All’interno della gola avevano perso completamente l’orientamento: Dalmor non aveva idea di quale parte del sistema di crepacci si fossero lasciati alle spalle, e Tildor era quanto mai disorientato: non era mai stato una lancia in quel campo, e spesso si perdeva nei viaggi lunghi. Quella era la ragione principale per la quale non viaggiava mai da solo e difficilmente teneva il comando di una spedizione.
“Fin qui tutto bene.” Esordì dal cerchio illuminato fiocamente dal fuoco. “Siamo arrivati esattamente dove dovevamo arrivare.”
“Che vorresti dire?” Dalmor aveva un bruttissimo presentimento.
“Che da adesso in poi non ho più idea di dove si trovi Zorqun.” Lo sguardo del re confermava le sue parole, la bocca di Dalmor si spalancò in un’espressione mista di orrore e stupore e si lasciò cadere a terra, gemendo e ridendo allo stesso tempo.
“Ho un padre idiota!” continuava a ripetere a bassa voce, agitandosi.
“Non ti preoccupare, molto prima di partire i soldati scelti per accompagnarci hanno imparato a memoria il percorso e sicuramente ci guideranno.” Il principe non fu minimamente rassicurato da quelle parole.
“Non vedo come possano farlo nelle condizioni in cui si trovano.” Gettò uno sguardo attorno a sé, nella notte. “Sono tutti completamente fuori uso. Gran bell’organizzazione, papà. Complimenti.” Tildor non rispose.

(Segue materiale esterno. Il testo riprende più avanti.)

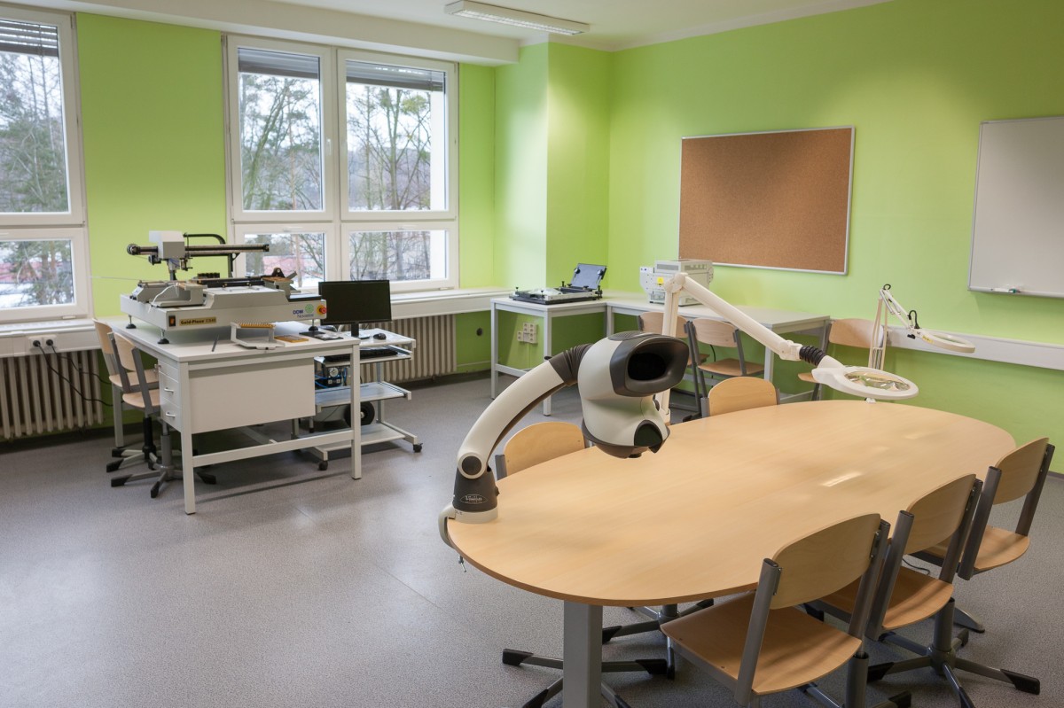 Vzdělávací středisko je skvěle vybavené. Je tady mechanická část, pneumatická část, práce s robotem, všechno je propojené a navazuje na sebe.

“Potrei rimediare io. Dimmi in che zone di Terranova ci troviamo.” Ora Dalmor era in piedi e si guardava attorno, pur non riuscendo a vedere molto; la sbronza non era completamente passata.
“Testa Nord-Ovest, terzo estremo superiore.” Disse Tildor, alzando lo sguardo verso il figlio.

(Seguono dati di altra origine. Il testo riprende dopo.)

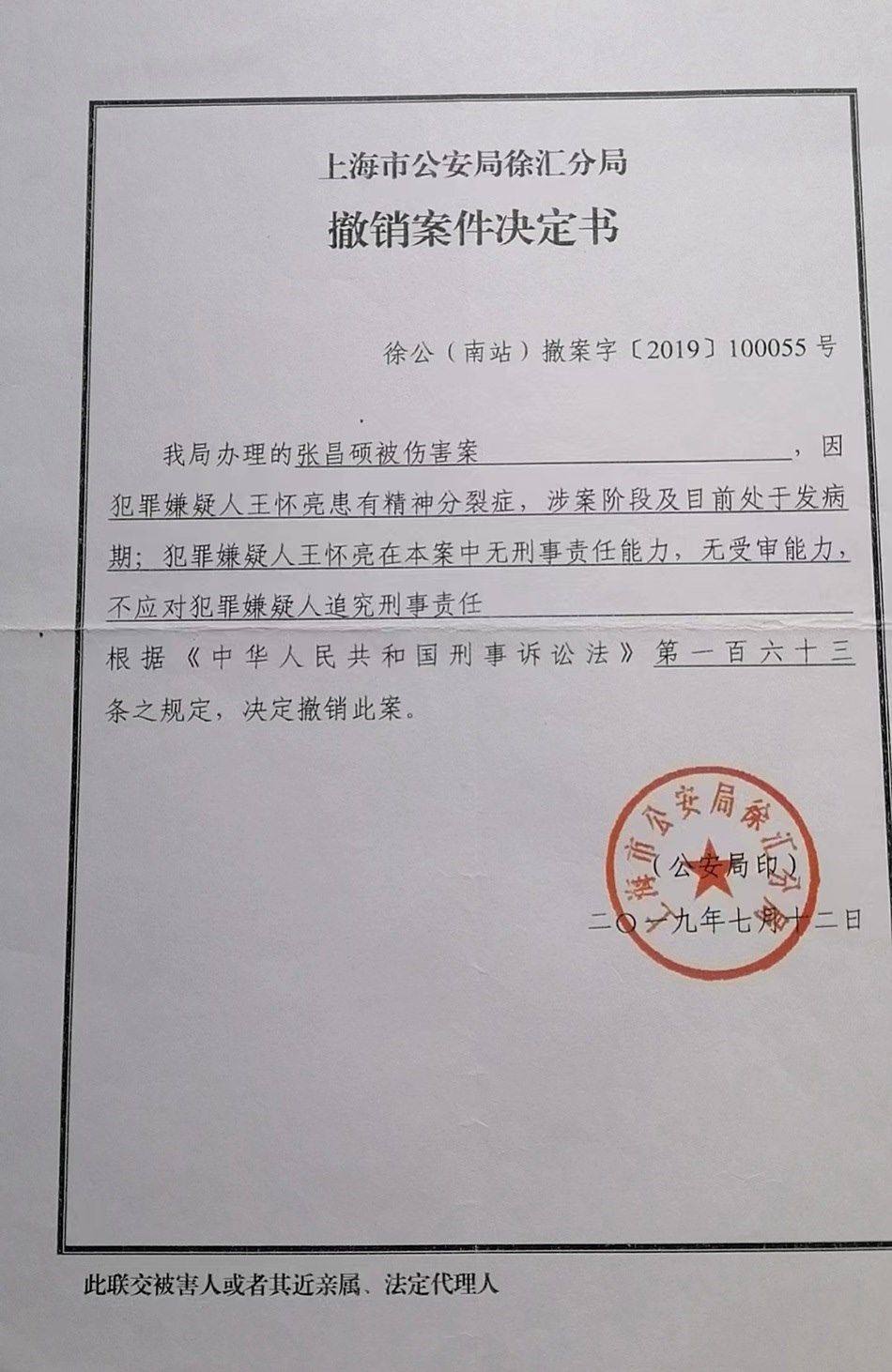 張宏銀回憶,他已經(jīng)不記得這起依法不負刑事責任的精神病人強制醫(yī)療程序案件開庭審理的具體時間,只記得是2019年下半年的一天上午,那天犯罪嫌疑人沒有到場,律師也沒有到場,檢察院的兩位人員出席了開庭。徐匯區(qū)法院當庭做出判決:王懷亮被送往醫(yī)療機構(gòu)進行強制醫(yī)療。2019年7月12日,張宏銀收到公安局的撤銷案件決定書。

“Quindi questa valle dovrebbe puntare a Nord-Est, per poi curvare dolcemente verso Est.” Si fermò un attimo a raccogliere idee e ricordi. “Dovrei avere chiaro in testa il percorso, attendiamo la Luna e partiamo.”
“Se tutti saranno qui.” Aggiunse cupo Uldor.

Non dovettero attendere molto; la Luna, o meglio, la sua luce nelle pietre si presentò qualche minuto dopo. Si contarono, ed attesero i due che mancavano all’appello, dopodiché partirono quasi immediatamente, illuminati dalle pietre lunari.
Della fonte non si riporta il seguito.